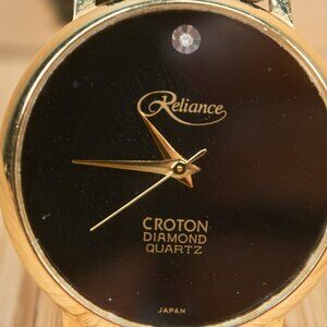 Reliance by Croton Diamond Quartz Ladies Black Watch, Gold Tone
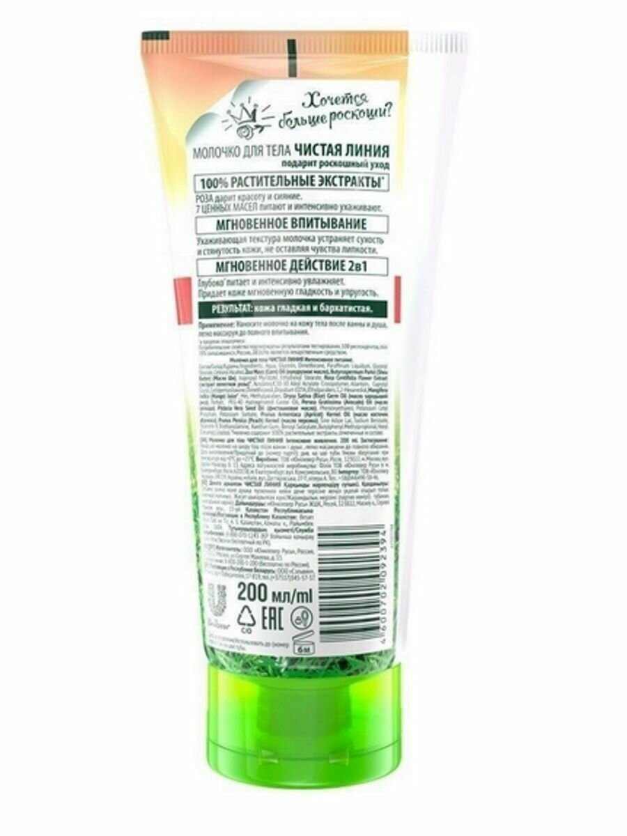 Молочко для тела чистая линия Интенсивное питание, Роскошный уход 2в1, 200 мл
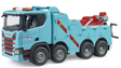 Recovery and towing trucks for commercial vehicles and trucks are among the most spectacular vehicles that children can discover on our roads. And the superior power and technology of these vehicles is impressive. At BRUDER, children can now discover and recreate these fascinating features on the new Scania Super 560R Recovery and Towing Truck. The wheel lift can be folded down and accommodates the front wheels of the vehicle to be towed. Behind one of the many opening flaps, the main arm height adjustment is situated, with which the main arm including the vehicle can be raised. A cable winch is located at the tip of the telescopic main arm. The supplied adapter can be attached to the bumper of a MAN TGS, MB Arocs, MACK, SCANIA to be recovered, and a vehicle that has been involved in accident be recovered and towed to the wheel lift with the cable winch.
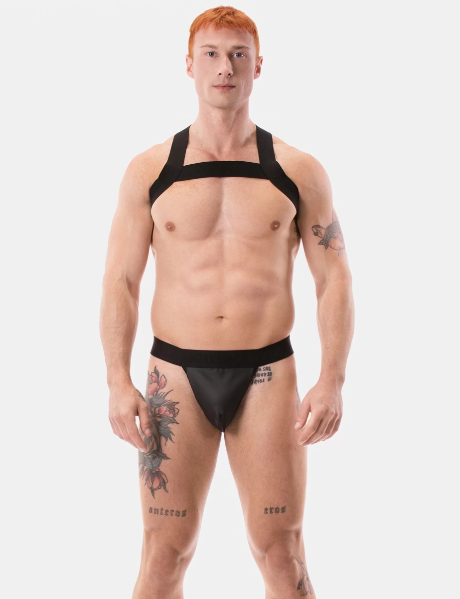 String noir effet cuir avec double lanière arrière et poche avant structurée. Coupe ajustée et matière souple pour un maintien précis et confortable.
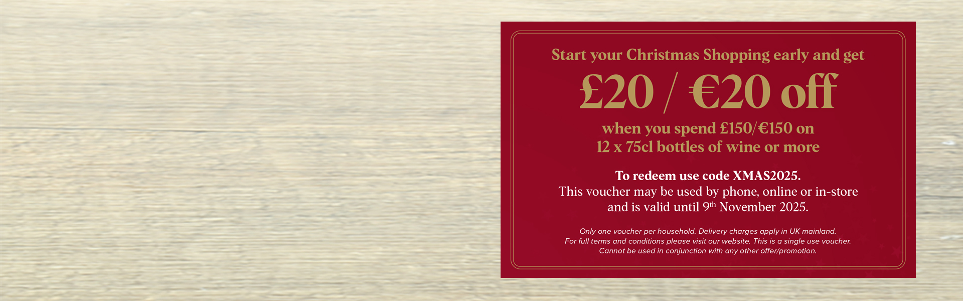 Get £20/€20 off when you spend £150/€150 on 12x75cl bottles of wine or more*. To redeem use code XMAS2025.
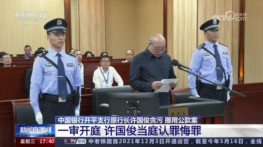 中國銀行開平支行原行長許國俊貪污 挪用公款案 一審開庭 許國俊當(dāng)庭認(rèn)罪悔罪
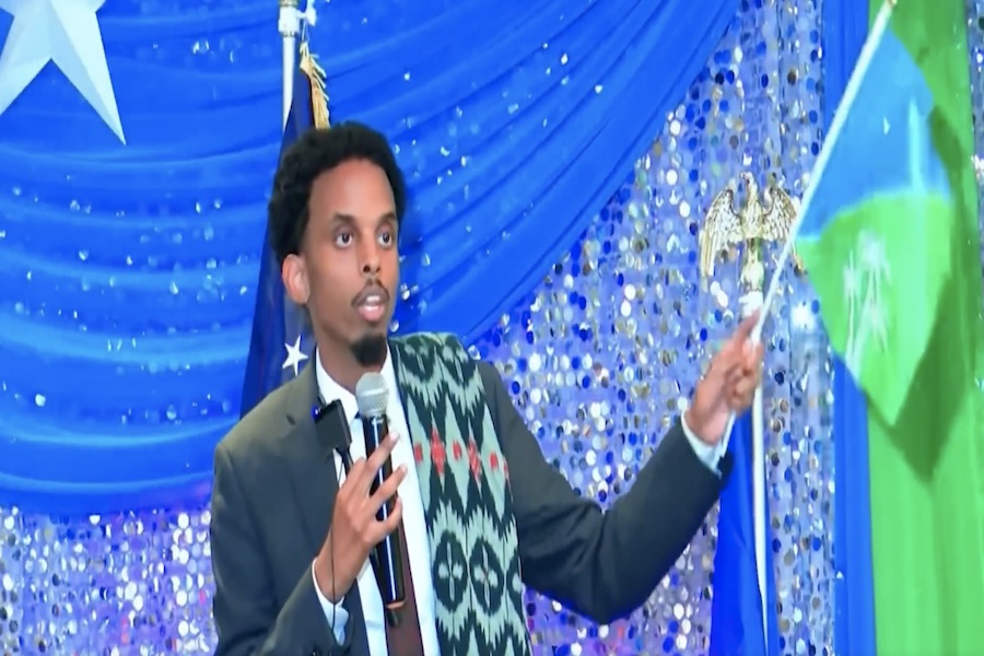 He delivered the remarks while waving a Somali flag in front of a similarly-themed background as Somali music played in the background. There was at least one American flag on the stage, which was nestled between multiple Somali flags.
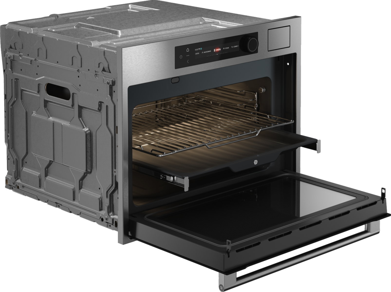 Духовой шкаф оснащен множеством полезных функций: размораживание, сушка, консервирование, стерилизация, уменьшение влажности и поддержание температуры приготовленных блюд.Это позволяет использовать его не только для приготовления пищи, но и для решения других задач на кухне. Телескопические направляющие на одном уровне обеспечивают удобство в эксплуатации, а двухстороннее освещение гарантирует отличную видимость внутреннего пространства.
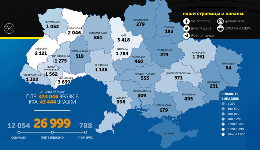 В Украине за последние сутки подтвердили 485 новых случаев COVID-19. При этом 242 человека выздоровели. С начала эпидемии в Украине COVID-19 подтвердили у 26 999 человек, из них 12 054 пациентов выздоровели и 788 - умерли. За минувшие сутки 242 человека выздоровели и 11 умерли. За минувшие сутки провели 9504 тесты методом ПЦР и 2820 ИФА-тестов.
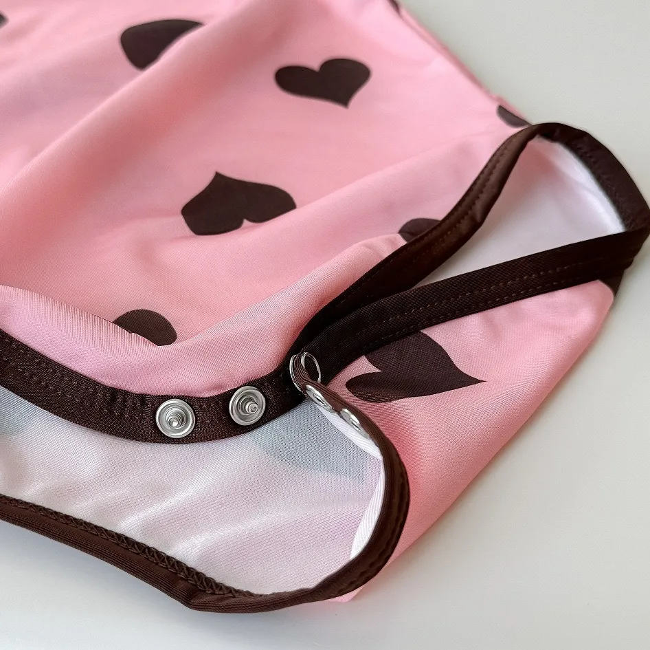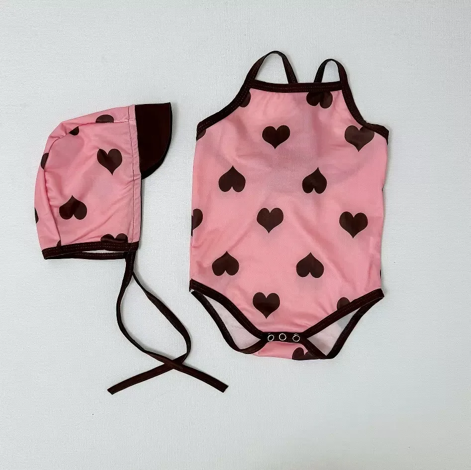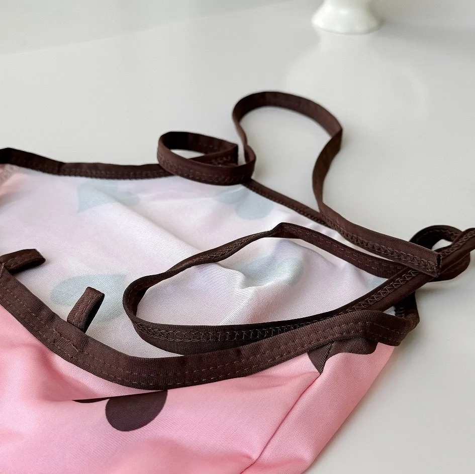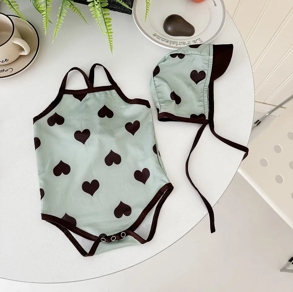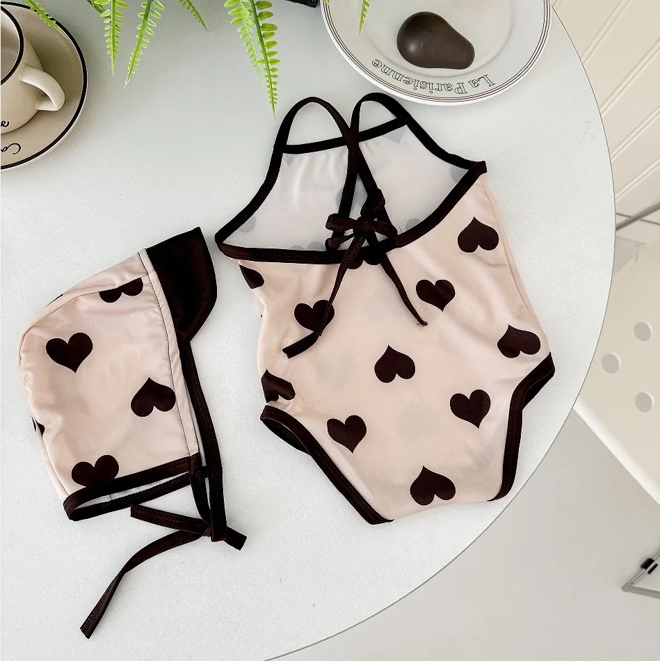 韓版夏季新款女寶泳衣可愛愛心吊帶連身三角泳衣❤️‍🔥

### What the task asks
Give again exactly the lines running from the beginning of the material above through the line that contains "Молочко для тела", and leave out every picture.

### Task answer
 Reliance by Croton Diamond Quartz Ladies Black Watch, Gold Tone
 Молочко для тела чистая линия Интенсивное питание, Роскошный уход 2в1, 200 мл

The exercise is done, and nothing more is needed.